Every entry below must be repeated exactly; skip the pictures.

## Information supplied
....................

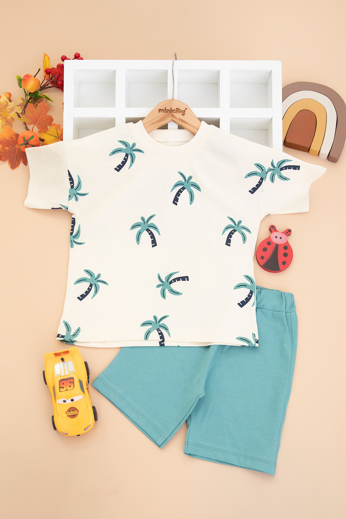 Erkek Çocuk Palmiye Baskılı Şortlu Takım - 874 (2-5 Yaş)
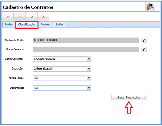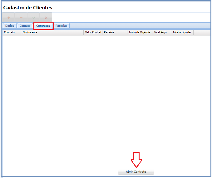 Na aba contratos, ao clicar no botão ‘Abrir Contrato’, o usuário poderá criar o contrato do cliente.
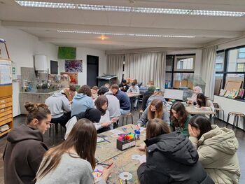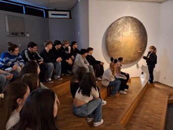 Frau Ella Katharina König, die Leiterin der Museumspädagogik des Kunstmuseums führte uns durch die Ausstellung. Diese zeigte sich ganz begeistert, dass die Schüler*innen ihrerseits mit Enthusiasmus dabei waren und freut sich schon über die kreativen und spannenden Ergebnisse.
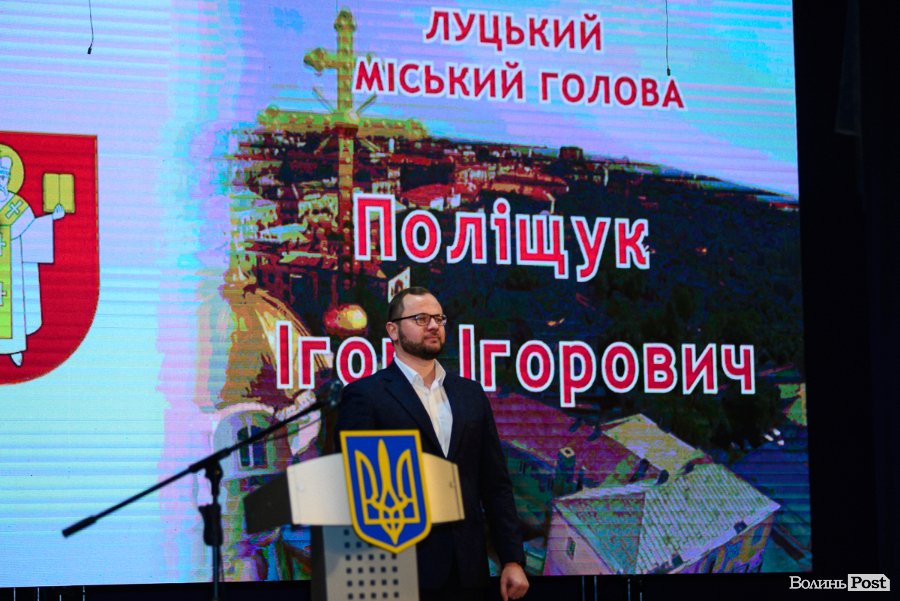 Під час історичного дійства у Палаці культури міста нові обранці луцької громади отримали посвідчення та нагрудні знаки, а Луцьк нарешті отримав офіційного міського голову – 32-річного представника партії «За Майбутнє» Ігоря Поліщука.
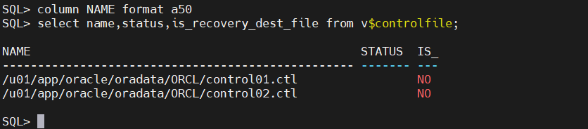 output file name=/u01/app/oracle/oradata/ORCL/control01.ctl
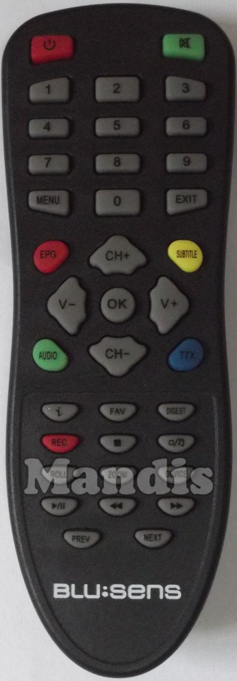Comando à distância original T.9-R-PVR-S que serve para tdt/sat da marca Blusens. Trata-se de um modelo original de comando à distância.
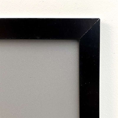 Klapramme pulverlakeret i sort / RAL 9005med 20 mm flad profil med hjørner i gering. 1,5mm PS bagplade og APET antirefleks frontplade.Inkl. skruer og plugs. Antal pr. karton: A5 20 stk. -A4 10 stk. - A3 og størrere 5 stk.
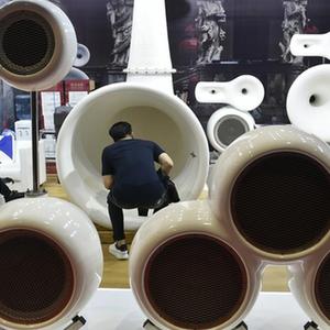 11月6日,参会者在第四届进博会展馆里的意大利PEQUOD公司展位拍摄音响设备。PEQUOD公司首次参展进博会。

....................

## Output for this task
 Erkek Çocuk Palmiye Baskılı Şortlu Takım - 874 (2-5 Yaş)
 Na aba contratos, ao clicar no botão ‘Abrir Contrato’, o usuário poderá criar o contrato do cliente.
 Frau Ella Katharina König, die Leiterin der Museumspädagogik des Kunstmuseums führte uns durch die Ausstellung. Diese zeigte sich ganz begeistert, dass die Schüler*innen ihrerseits mit Enthusiasmus dabei waren und freut sich schon über die kreativen und spannenden Ergebnisse.
 Під час історичного дійства у Палаці культури міста нові обранці луцької громади отримали посвідчення та нагрудні знаки, а Луцьк нарешті отримав офіційного міського голову – 32-річного представника партії «За Майбутнє» Ігоря Поліщука.
 output file name=/u01/app/oracle/oradata/ORCL/control01.ctl
Comando à distância original T.9-R-PVR-S que serve para tdt/sat da marca Blusens. Trata-se de um modelo original de comando à distância.
 Klapramme pulverlakeret i sort / RAL 9005med 20 mm flad profil med hjørner i gering. 1,5mm PS bagplade og APET antirefleks frontplade.Inkl. skruer og plugs. Antal pr. karton: A5 20 stk. -A4 10 stk. - A3 og størrere 5 stk.
 11月6日,参会者在第四届进博会展馆里的意大利PEQUOD公司展位拍摄音响设备。PEQUOD公司首次参展进博会。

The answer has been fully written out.